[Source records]
+--

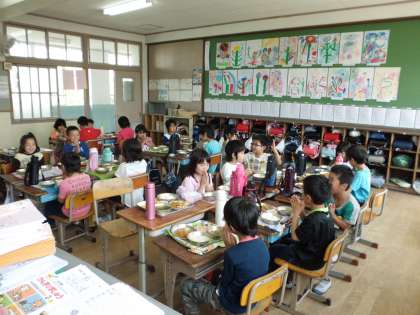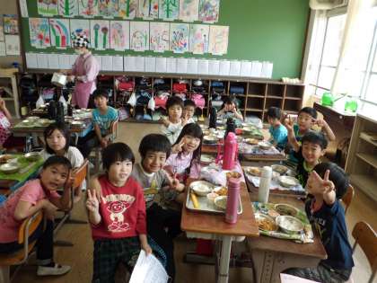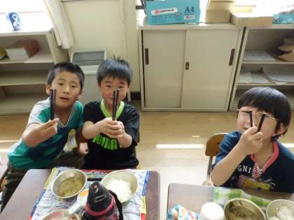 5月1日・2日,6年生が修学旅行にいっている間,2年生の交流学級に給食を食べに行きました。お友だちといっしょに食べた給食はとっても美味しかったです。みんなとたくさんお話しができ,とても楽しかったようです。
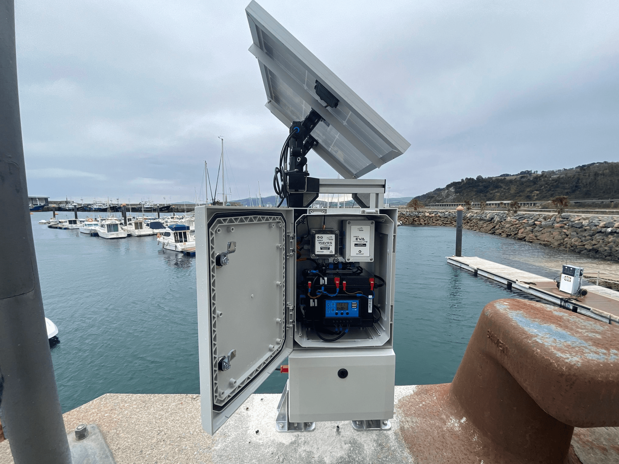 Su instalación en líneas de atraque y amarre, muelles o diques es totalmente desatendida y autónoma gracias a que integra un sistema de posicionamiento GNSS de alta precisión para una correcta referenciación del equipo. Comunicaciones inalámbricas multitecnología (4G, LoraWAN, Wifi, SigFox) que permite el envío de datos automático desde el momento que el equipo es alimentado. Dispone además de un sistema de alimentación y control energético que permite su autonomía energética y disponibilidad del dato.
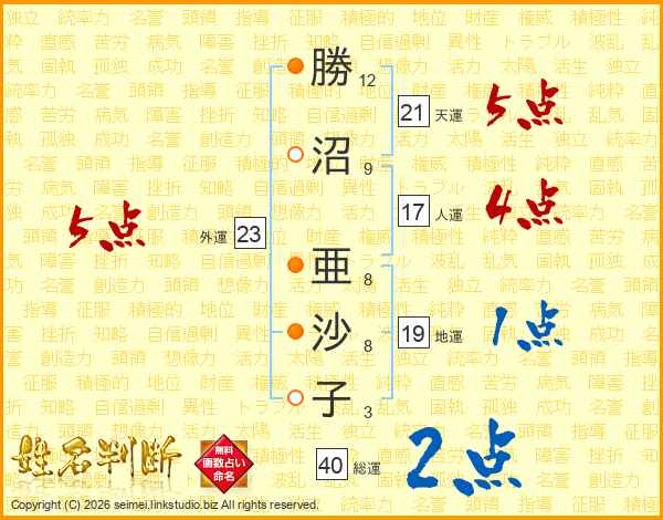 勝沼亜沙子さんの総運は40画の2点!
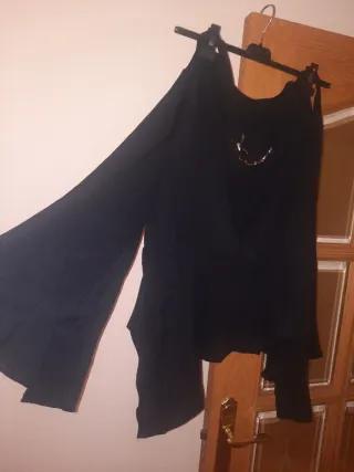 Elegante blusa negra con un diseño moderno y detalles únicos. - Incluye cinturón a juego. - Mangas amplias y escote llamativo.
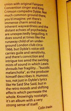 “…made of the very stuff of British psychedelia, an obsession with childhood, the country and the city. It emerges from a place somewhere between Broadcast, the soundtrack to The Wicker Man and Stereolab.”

+--

Exercise:
The copy you give must repeat each record character for character, but it must not include the pictures.

Result of this exercise:
 5月1日・2日,6年生が修学旅行にいっている間,2年生の交流学級に給食を食べに行きました。お友だちといっしょに食べた給食はとっても美味しかったです。みんなとたくさんお話しができ,とても楽しかったようです。
 Su instalación en líneas de atraque y amarre, muelles o diques es totalmente desatendida y autónoma gracias a que integra un sistema de posicionamiento GNSS de alta precisión para una correcta referenciación del equipo. Comunicaciones inalámbricas multitecnología (4G, LoraWAN, Wifi, SigFox) que permite el envío de datos automático desde el momento que el equipo es alimentado. Dispone además de un sistema de alimentación y control energético que permite su autonomía energética y disponibilidad del dato.
 勝沼亜沙子さんの総運は40画の2点!
 Elegante blusa negra con un diseño moderno y detalles únicos. - Incluye cinturón a juego. - Mangas amplias y escote llamativo.
 “…made of the very stuff of British psychedelia, an obsession with childhood, the country and the city. It emerges from a place somewhere between Broadcast, the soundtrack to The Wicker Man and Stereolab.”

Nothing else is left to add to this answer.